● Problem requirements: Leave every picture out, and give again exactly the lines from the one containing "Barn door hanging" through the end of the listing.

● Supplied material:

★ ★ ★ ★ ★ ★ ★

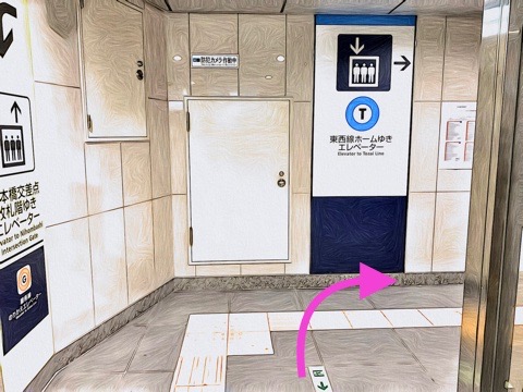 4番線が中野方面行きホーム(6号車4番扉/先頭から5両目)
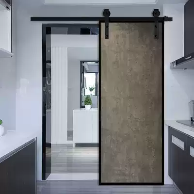 Barn door hanging wheel aluminum alloy invisible door sliding door partition Nordic powder room kitchen indoor paint-free aluminum wooden door
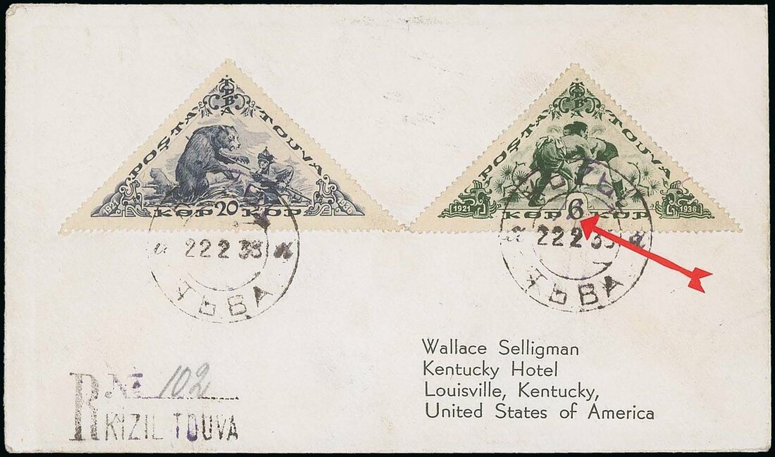 1933 (25 May) envelope registered from Kizil to Manchuria bearing 35k. on 15k. red brown small numerals cancelled by despatch c.d.s., the reverse with Lupin (2.7) and manuscript (6 VII); minor ageing and other small faults not detracting from the importance of this rare cover. The 35k. on 15k. listed but unpriced on cover in the Scott catalogue. Photo

★ ★ ★ ★ ★ ★ ★

● Worked solution:
 Barn door hanging wheel aluminum alloy invisible door sliding door partition Nordic powder room kitchen indoor paint-free aluminum wooden door
 1933 (25 May) envelope registered from Kizil to Manchuria bearing 35k. on 15k. red brown small numerals cancelled by despatch c.d.s., the reverse with Lupin (2.7) and manuscript (6 VII); minor ageing and other small faults not detracting from the importance of this rare cover. The 35k. on 15k. listed but unpriced on cover in the Scott catalogue. Photo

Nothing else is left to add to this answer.